Adding fuel to the fire, the news media has reported a higher incidence of stroke in young patients who have no underlying risk factors,²²  and the possibility of antiphospholipid antibody syndrome has been raised as a contributing factor to the hypercoagulability observed in these patients.^17,23  It is worrisome that perhaps fear is feeding fiction. More robust evidence is desperately needed to help us provide evidence-based care to our patients. 

Despite the massive scale of infection and mortality impact of COVID-19, the pathophysiology of organ damage remains elusive. Limited autopsy data are available, but understanding the earlier phases of the disease is even more critical.^24,25  Is microvascular thrombosis exacerbating the hypoxemic respiratory failure and end-stage multiorgan failure seen in COVID-19, or is it a consequence? More importantly, will intervening with therapeutic-intensity anticoagulation reduce morbidity and mortality?^26,27  We must not forget that anticoagulant therapy is a double-edged sword — the risk of thrombosis must be balanced with the risk of bleeding. 

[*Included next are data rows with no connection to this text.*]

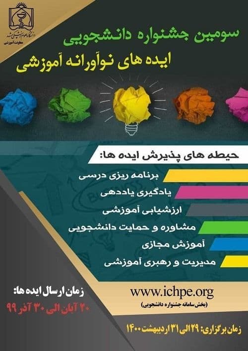 🔶️سومین جشنواره دانشجویی ایده های نوآورانه آموزشی با هدف تقویت حضور و مشارکت دانشجویان در تحول و نوآوری در آموزش علوم پزشکی و با هدف نهادینه سازی فعالیت های هدفمند، آگاهانه و روش مند در زمینه توسعه و تعالی آموزش علوم پزشکی، همزمان با بیست و دومین همایش کشوری آموزش علوم پزشکی و چهاردهمین جشنواره کشوری شهید مطهری در روزهای 29 لغایت 31 اردیبهشت 1400 در دانشگاه علوم پزشکی شیراز برگزار خواهد شد. 🔶️دانشجویان علاقمند به مقوله های نوآوری آموزشی جهت دريافت فايل راهنماي نحوه نگارش ايده نوآورانه و ثبت نام می توانند تا 30 آذر ماه سال جاري با مراجعه به سايت رسمي جشنواره https://ichpe.org/sfimed-2/ |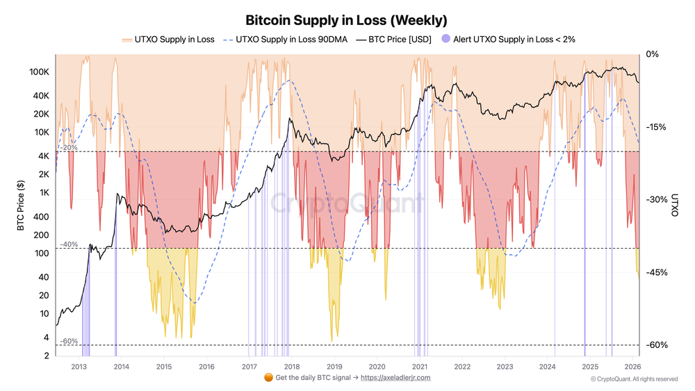 Près de 46,3 % de l’offre totale de Bitcoin se trouve actuellement en perte, un niveau historiquement observé lors des phases de stress extrême. Si ce ratio dépasse à nouveau les 60 %, cela pourrait marquer, comme par le passé, la fin d’un cycle baissier.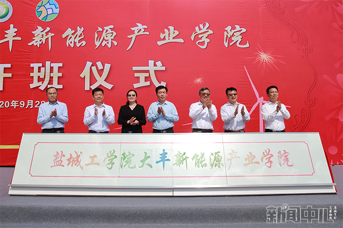 9月28日上午,真人赌博游戏_澳门赌博网-app*官网大丰新能源产业学院揭牌开班仪式在江苏大丰经济开发区风电产业研发展示中心举行。盐城市委常委、常务副市长羊维达,我真人赌博游戏_澳门赌博网-app*官网书记刘祖汉、校长方海林,新疆金风科技股份有限公司首席人才官何世勇,大丰区委书记薛盛堂、大丰区长李志军,盐城市发改委三级调研员万宏共同为真人赌博游戏_澳门赌博网-app*官网大丰新能源产业学院揭牌。真人赌博游戏_澳门赌博网-app*官网副校长王资生、大丰经济开发区党工委书记仇兆华出席,大丰区委常委、常务副区长韦应生主持仪式。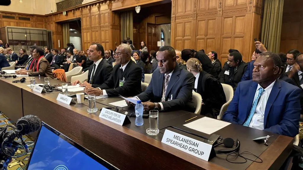 [Getty Images Ralph Regenvanu (4th R), Vanuatu's Special Envoy on Climate Change and the Environment, Arnold Kiel Loughman (3rd R), Attorney General of Vanuatu and Ilan Kiloe (2nd R), Legal Advisor to the Melanesian Vanguard Group, and Gregoire Nimbtik, Deputy Director General of the Melanesian Pioneer Group (R) attend the advisory opinion sessions at the International Court of Justice (ICJ) to determine states' obligations on climate in the Hague, Netherlands on December 2, 2024.] Representatives of Pacific Island nations gave evidence at the court Getty Images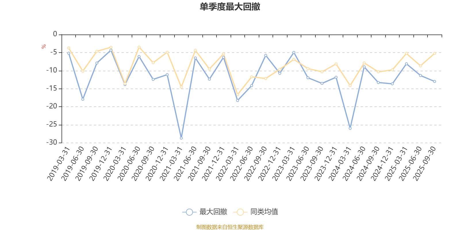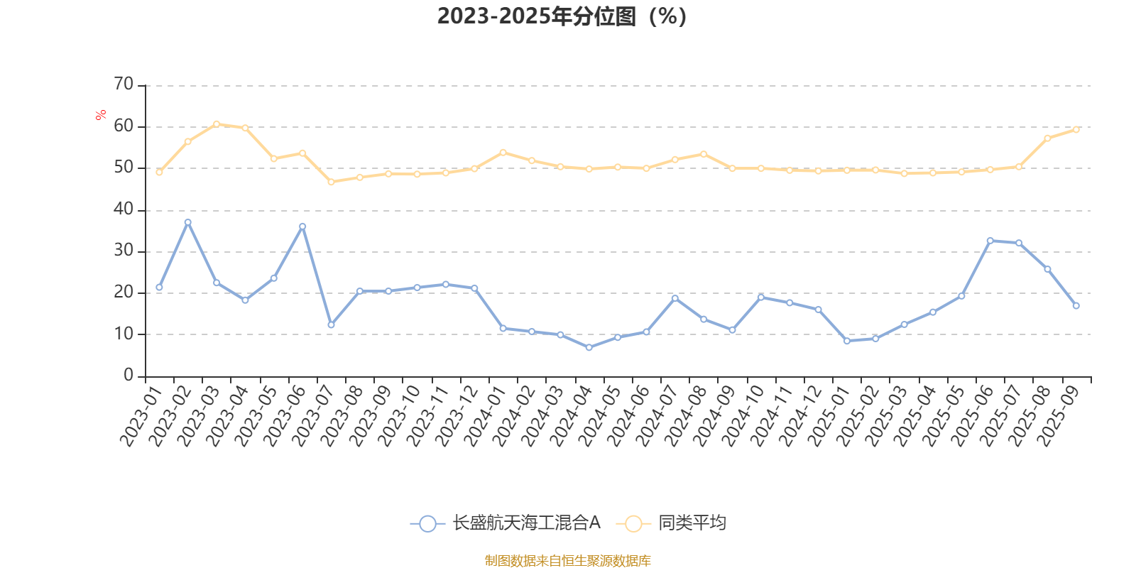 通过所选区间该基金净值增长率分位图,可以观察该基金与同类基金业绩比较情况。图为坐标原点到区间内某时点的净值增长率在同类基金中的分位数。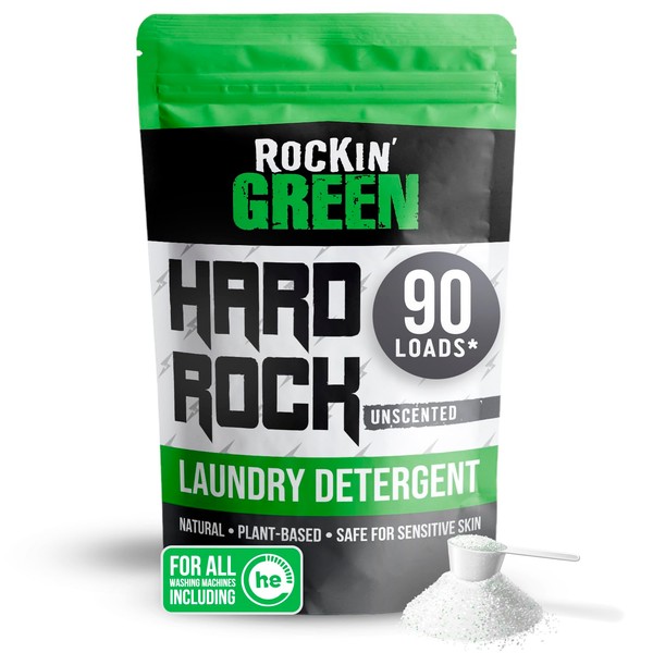- Formulated For Hard Water - Hard Rock Rockin Green laundry detergent fights tough stains and banishes odors while maintaining fabric quality. This natural laundry detergent works best in hard water with high mineral content, preventing residues and mineral deposits without the need for water softeners!

It is now well documented that some patients with severe or critical COVID-19 have an unregulated immune response and exhibit biochemical patterns consistent with cytokine storm: high ferritin, extremely high levels of C-reactive protein, and high levels of IL-2R, IL-6, IL-10, and tumor-necrosis factor α cytokines.²⁸  These patients also have very high levels of factor VIII and von Willebrand factor, consistent with extensive endothelial injury.¹⁷  Given the entangled and synergistic relationships between the immunologic, inflammatory, coagulation, and complement pathways, it is reasonable to assume that we cannot slay the multiheaded monster by targeting one system. Although heparin has pleotropic effects,²⁹  we know that as with other coagulopathies, controlling the underlying disease is likely the only curative solution. In these times of uncertainty, we need to rely on first principals and sound science. ASH has collated FAQs in different hematology disciplines to help clinicians navigate in their daily practice. These consensus statements highlight what we do and do not know and encourage participation in clinical trials and robust research.

Multicenter international trials are underway to understand the risks and benefits of different therapeutic approaches. As clinicians and scientists, we need to continue to battle bravely, armed with facts and figures, not fear, fiction, nor fantasy. COVID-19, be warned!